The agreement wasn’t “quite ready” late yesterday, and a final accord is expected today, Conservative Party spokesman for Denmark’s parliament business committee, Brian Mikkelsen, said in a text message.Benny Engelbrecht, business committee spokesman for the ruling Social Democrats, confirmed a deal has yet to be struck. The two rejected reports in local media that an agreement had already been reached yesterday.
The final bill, which would require a group of lenders led by Danske Bank (DANSKE) A/S to hold more capital than their smaller competitors, is based on a proposal put forward by a government-appointed committee in March. Once parliament’s business committee agrees on the wording of the legislation, the bill’s passage into law is a formality.

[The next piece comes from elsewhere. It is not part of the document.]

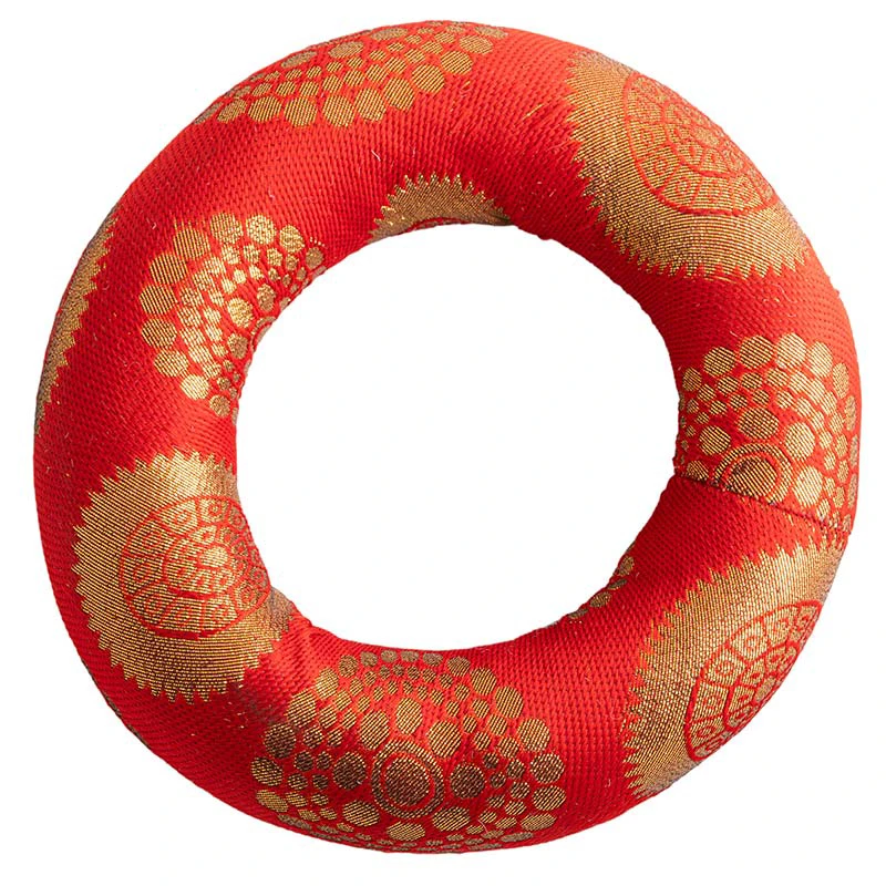 Dieses Klangschalenkissen sorgt für ein traditionelles Erscheinungsbild im nepalesischen Stil. Die zauberhafte Goldbestickung bringt einen exklusiven Hauch in die Räumlichkeit.

An accord would mark the latest example of Scandinavian legislators moving faster on bank regulation than the rest of Europe as near record-low interest rates distort credit and housing markets in some of the world’s richest economies. In Sweden, the four biggest banks must hold at least 12 percent core Tier 1 capital of risk-weighted assets by 2015, a target Norway’s largest lenders must meet by 2016. The European Union has yet to enforce rules for systemically important banks.
Danish talks on too-big-to-fail banks had been hampered by lawmaker disagreement over trigger levels at which debt converts to equity and at which management loses its freedom to dish out dividends and bonuses.
A chief obstacle to reaching an accord has been disagreement over how far capital levels can fall before a Sifi is restricted from paying dividends and interest payments, its management is replaced or it is taken over by regulators. The Sifi committee’s proposed triggers are too high and would force banks to pay more for capital than foreign rivals, the industry has said.
A government-appointed committee in March recommended that Danske Bank, Nykredit Realkredit A/S, Jyske Bank A/S (JYSK), Sydbank A/S (SYDB), Nordea Bank AB (NDA)’s Danish unit and BRFkredit A/S be named Sifis. The country’s fifth-largest mortgage lender, DLR Kredit A/S, said in March it would seek to be considered a Sifi.
Like Sweden’s biggest banks, the largest Danish lenders have combined assets that are about four times the nation’s gross domestic product. Danske Bank alone has assets that are more than 180 percent of GDP. A government committee last month said Danske Bank’s expansion before the crisis, including its decision to move into Ireland in 2005, put the entire Danish economy at risk. The committee said regulators were too lax before the crisis and shouldn’t cave in to industry pressure now to ease requirements.